KUCHING: The Human Resource Ministry has been urged to do a thorough study before deciding if it should act against employers who hire more foreign workers instead of locals in various sectors.
In making the call Kuching Coffeeshop and Restaurants Owners Association committee member Kapitan Tan Yit Sheng said truth be told, it is difficult to hire locals to work in coffee shops.
“It is because locals try to avoid taking up jobs that involve cleaning, waiting on tables, or collecting rubbish.
“They (locals) are choosy when it comes to jobs like this. But foreign workers are not so particular.
“Therefore, I think the HR Minister needs to carefully investigate the matter as what it reported does not seem to paint the correct picture,” he told New Sarawak Tribune.
For Tan, as a coffeeshop operator, he said if he were given a choice of course he would hire locals.
“I will definitely choose to hire local workers instead of foreigners. This is because some costs can be saved. For foreigners, we need to provide them with accommodation compared to hiring locals,” he said.
“A lot of local workers do not want to work in coffee shops and it also gives employers a ‘headache’,” he said.
To overcome the matter, he suggested the HR Ministry come out with training programmes to attract locals to work in these services sector.
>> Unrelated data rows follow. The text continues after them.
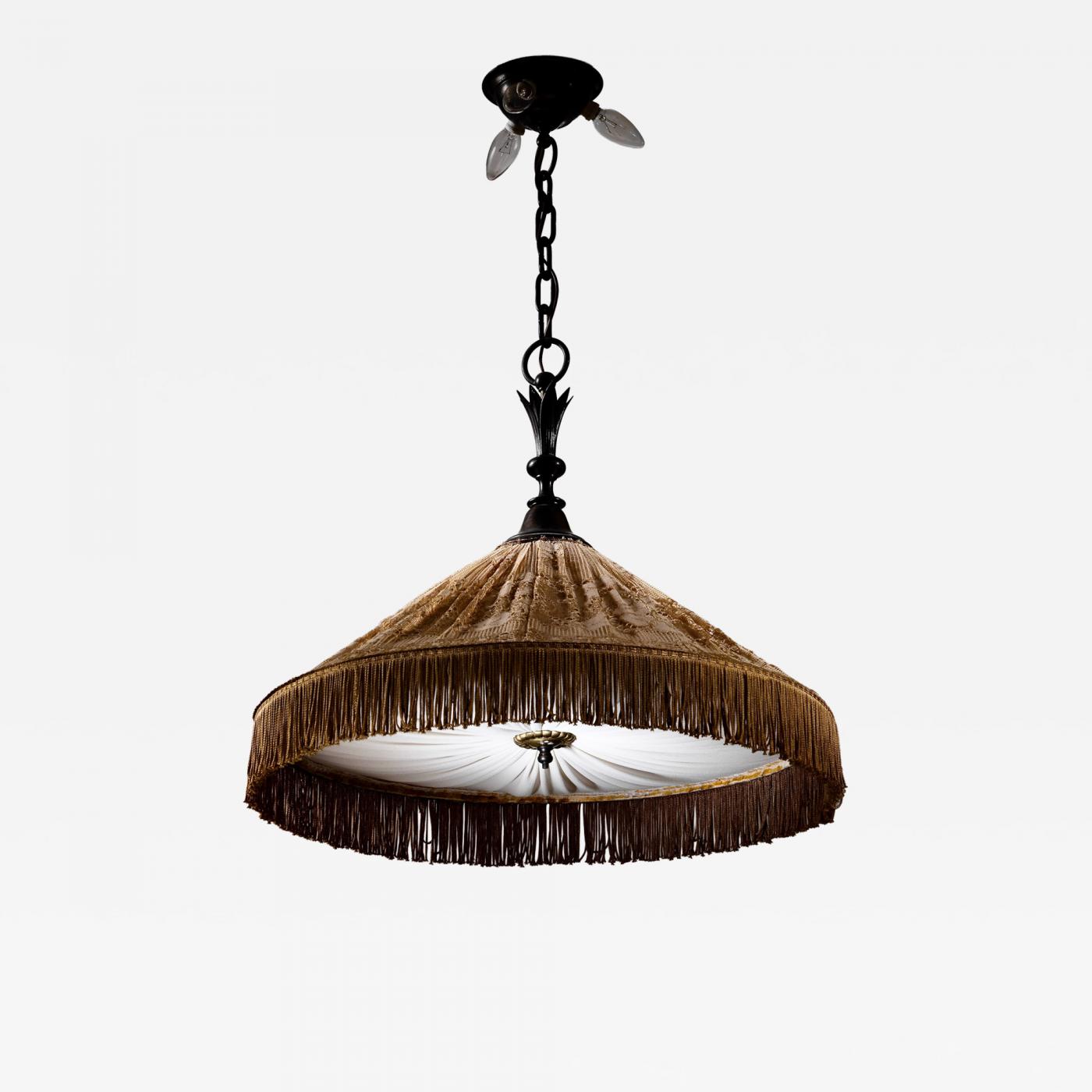 An Art Nouveau pendant lamp by Harald Notini for Böhlmarks, fitted with a large conical fabric shade decorated with lace and fringes. It features a pleated silk diffuser and is suspended from a darkened metal canopy with integrated lights.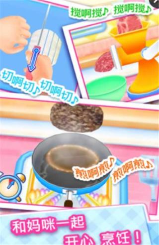 料理妈妈是通过玩小游戏制作出各种各种的料理的游戏,将煮,搅拌,切,等等的烹饪常用的技巧通过游戏表现出来。点击画面相应的食谱,就会进入食品的制作界面,这个时候只要点击相应步骤的画面就能进行厨房进行简单的操作了,然后找到要求完成即可,如果在烹饪的过程中失败了的话,还是重新再来。在操作的过程还会有简单明了的游戏箭头提示等等,无论是大人还是小朋友都能轻松玩转。
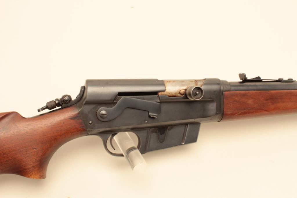 #20289. The rifle is in very good overall condition with a 22” barrel with a ramped blade front and standard rear sight. The barrel and receiver retain the nearly all of their blued finish with light handling marks noted. The smooth wood stocks are in very good condition showing only small mars and storage marks. The butt stock ends with a checkered steel Remington marked butt plate. A period receiver sight has been added during the period of use. The bore is good, the action is crisp and the markings are sharp. Est.: $300-$600. (C+R).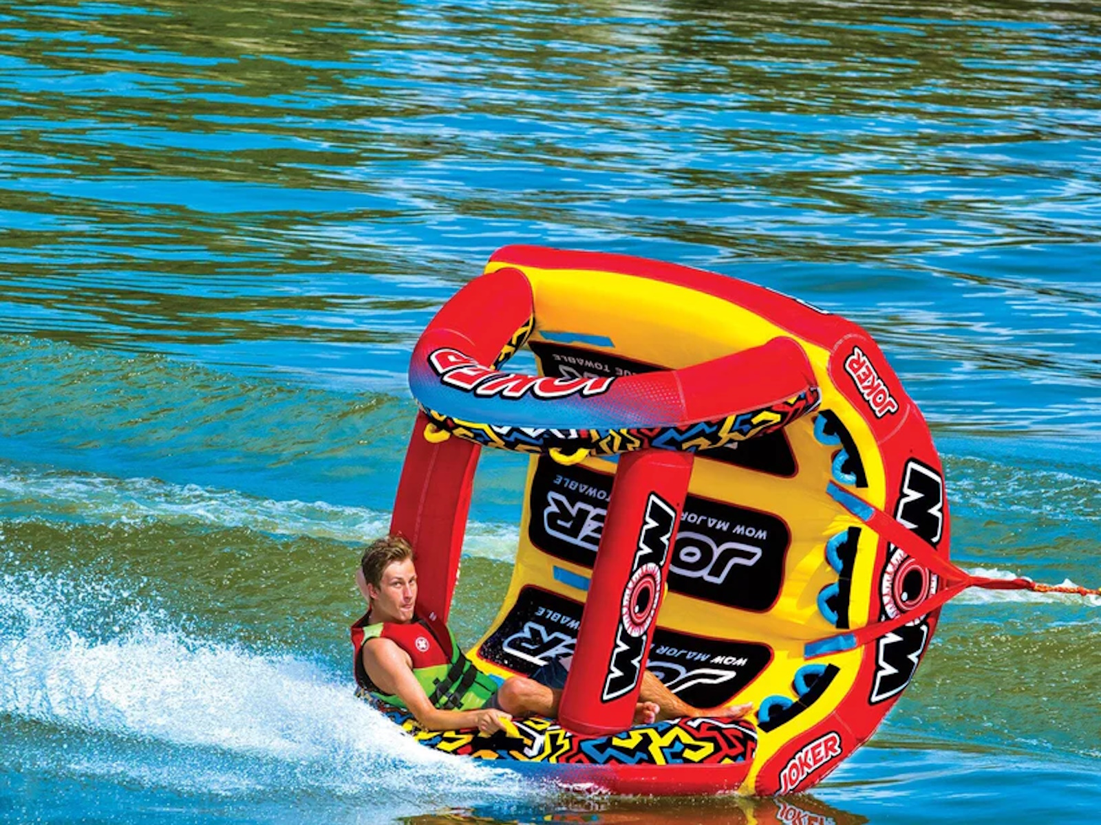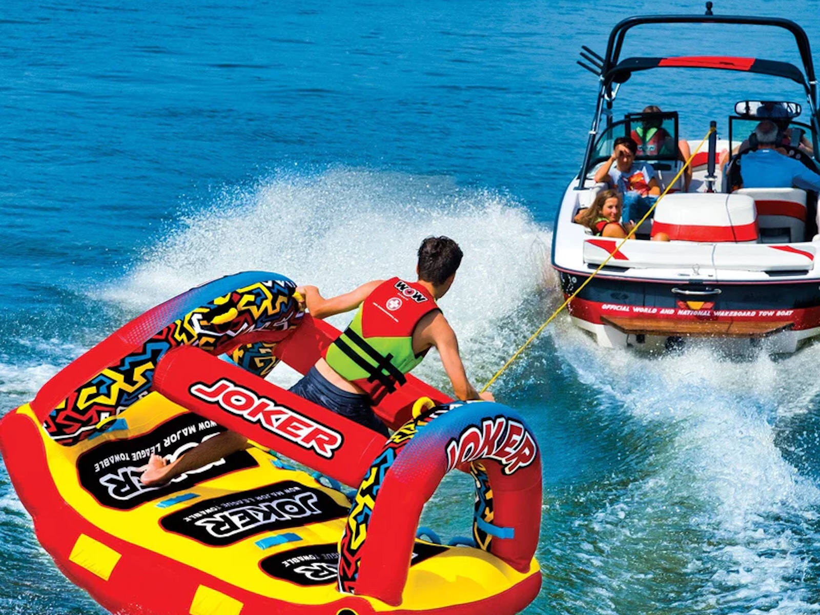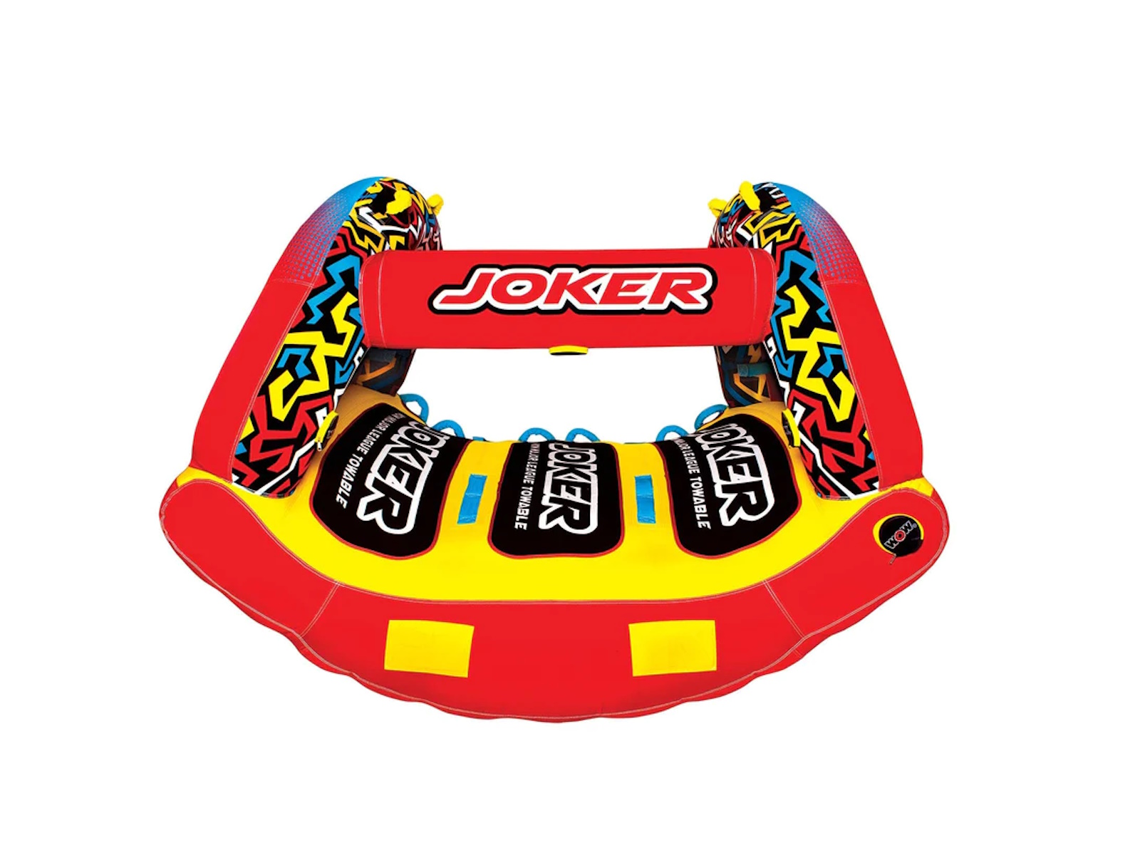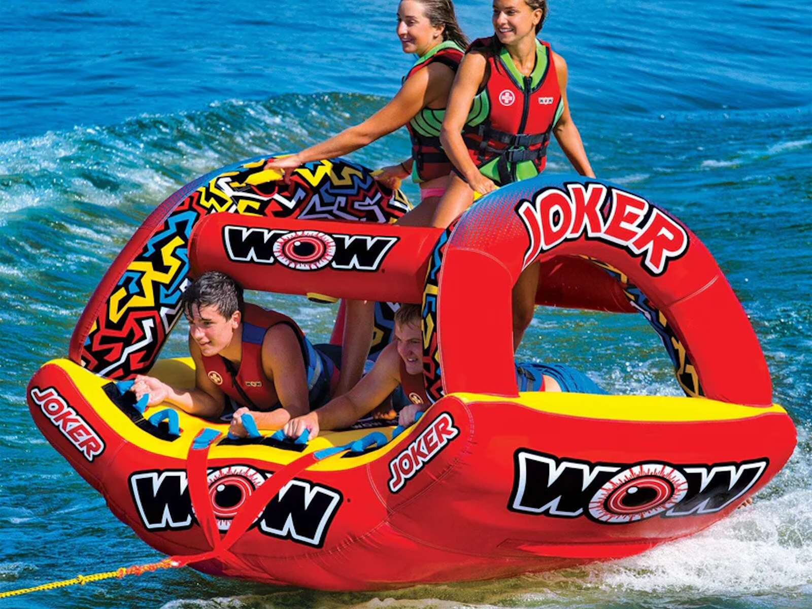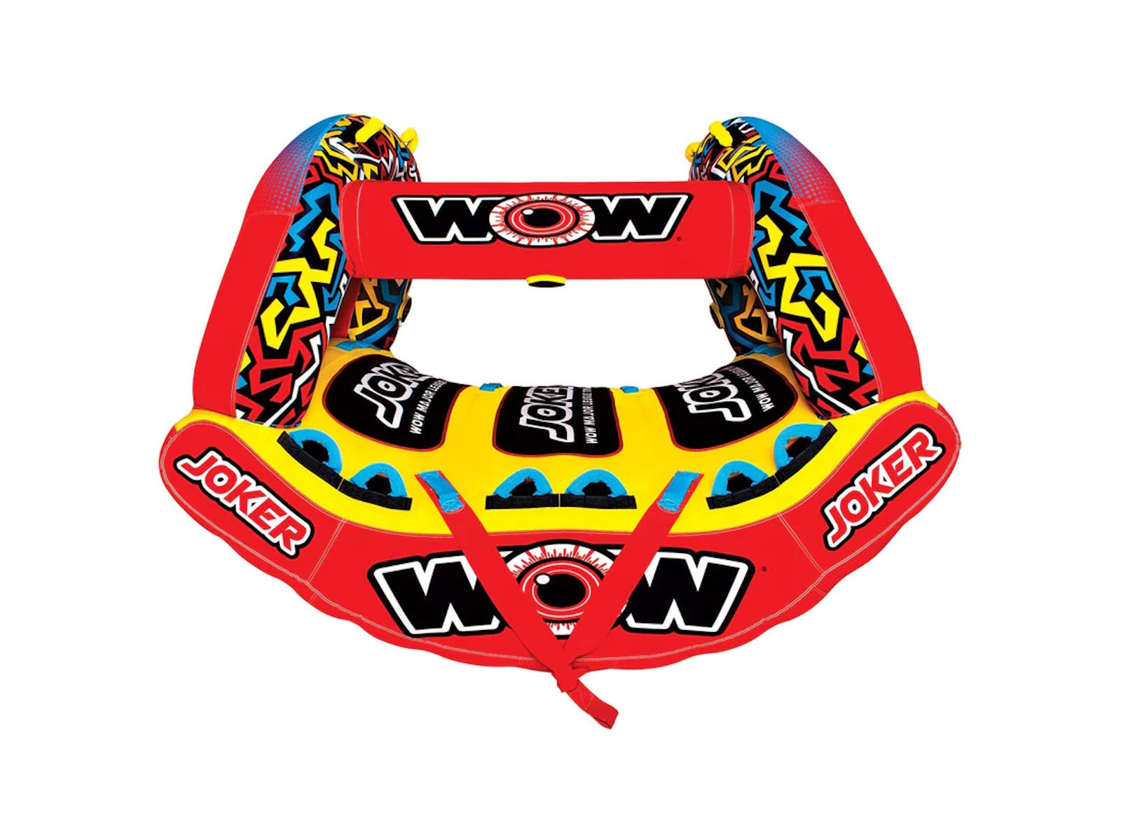 WOW isn't joking around when it comes to making Major League Towables. The JOKER is the latest and greatest on the water. DonÕt be a fool at the lake and BE SEEN, this HIGH-PROFILE design will sure draw some attention and entertain the ones brave enough to ride AND the bystanders alike. Built with a state-of-the-art design, introducing the exclusive WOW POWER TOWER. The Power Tower System gives riders countless options when it comes to how they ride. Stand, Kneel, Sit, Lay or even Handstand, if you're a jokester like that. The winged bottom minimizes the drag and hugs the riders so they can feel secure -- even when it gets out of hand! Riding solo? Guide your ride using the Power Tower as leverage to steer and glide across the waves.

“Instead of taking action against the employer, they must know the reason why coffee shop, restaurant owners or the other sectors choose foreigners over local workers.
“Probably, the HR Ministry can provide them with training and retrain the locals who wish to work in the five sectors (manufacturing, construction, plantation, agriculture and services).
“Things like this help to keep workers up to the standard and think that should be the way. Do not always blame the owners of these five sectors on why they choose foreigners instead of local workers,” he said.
Earlier, HR Minister V Sivakumar was reported as saying that action will be taken against employers who dismiss Malaysian workers in order to replace them with foreign workers.
He said the government’s recent relaxation on employment of foreign workers was not to replace locals with foreign workers but instead to meet manpower needs in five critical sectors – manufacturing, construction, plantation, agriculture and services.
Meanwhile, Sarawak Housing and Real Estate Developers’ Association (SHEDA) Kuching branch chairman Datuk Sim Kiang Chiok also said that it is difficult to fill locals in 3D (dirty, dangerous, difficult) jobs.
“We have gone through the Covid-19 lockdowns and even before the pandemic, 3D jobs in these five critical sectors are difficult to fill with locals.
“Now that we are at the endemic stage, and opening up of borders, foreign workers are being engaged and employed in Malaysia to do the 3D jobs,” he said.
Sim is also of the opinion that if local workers are being replaced by foreign workers in the five critical sectors, it may be due to rearrangement of the workforce in each of organisation.
“We would know that in any operation, be it in a factory or hotel, local workers and foreign do not mix well. So most organisations would separate their work processes into different groups between local and foreign workers.
“This is so that the local workers could be reassigned to different works within the organisation and not necessarily be laid off,” he said.
He also said if there are local workers available to do the work, foreign workers should also not be deployed.
“To pay our local workers higher to do the 3D jobs would increase our cost of doing business and might cause our industries to be less competitive in the world market.
“Therefore, our industries can reduce these foreign workers if we automate our industries, but this takes time and capital,” said Sim.